- Born: 1984 (age 40–41) Perth, Western Australia
- Occupation: Ballet dancer
- Employer: The Australian Ballet

= Kevin Jackson (dancer) =

Australian ballet dancer (born 1984)

Kevin Jackson (born 1984) is an Australian ballet dancer and choreographer, a principal artist with The Australian Ballet.

==Biography==
Born in Perth, Jackson commenced his dance training at the age of seven with the Shirley Farrell Academy of Dance. He started training at The Australian Ballet School at age 15. In 2002 he graduated from The Australian Ballet School; he joined The Australian Ballet in 2003 and was promoted to principal artist in 2010. In his time with the company, he has performed many lead roles in both classical and contemporary works by choreographers including John Neumeier, Alexei Ratmansky, Wayne McGregor, Jiří Kylián and Graeme Murphy.

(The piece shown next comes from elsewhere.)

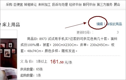 方法二:登录义乌购账号后,进入前台的产品展示页面,在页面右上角、标题的右侧位置(如下方图片红圈标注处)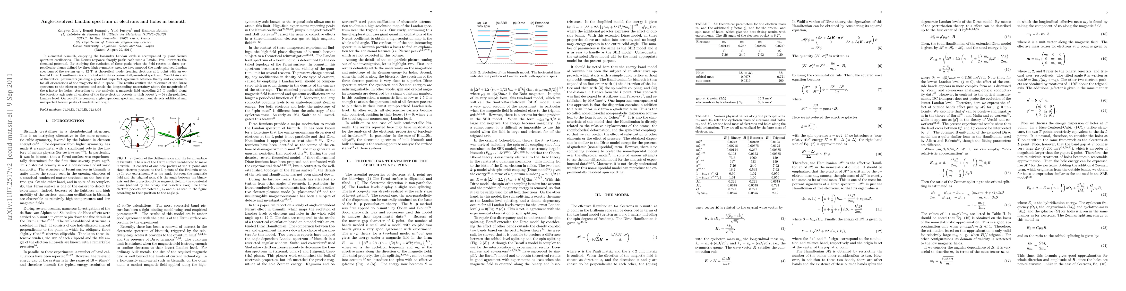In elemental bismuth, emptying the low-index Landau levels is accompanied by giant Nernst quantum oscillations. The Nernst response sharply peaks each time a Landau level intersects the chemical potential. By studying the evolution of these peaks when the field rotates in three perpendicular planes defined by three high-symmetry axes, we have mapped the angle-resolved Landau spectrum of the system up to 12 T. A theoretical model treating electrons at L point with an extended Dirac Hamiltonian is confronted with the experimentally-resolved spectrum. We obtain a set of theoretical parameters yielding a good but imperfect agreement between theory and experiment for all orientations of the magnetic field in space. The results confirm the relevance of the Dirac spectrum to the electron pockets and settle the longstanding uncertainty about the magnitude of the g-factor for holes. According to our analysis, a magnetic field exceeding 2.5 T applied along the bisectrix axis puts all carriers of the three electron pockets in their lowest($j=0$) spin-polarized Landau level. On top of this complex angle-dependent spectrum, experiment detects additional and unexpected Nernst peaks of unidentified origin.

In 2014, Jackson became the second Australian Ballet dancer (after Steven Heathcote) to make a guest appearance with the American Ballet Theatre, as Des Grieux in Kenneth MacMillan's Manon.

In 2016, Jackson made a guest appearance in Houston Ballet, as The Prince in Stanton Welch's The Nutcracker.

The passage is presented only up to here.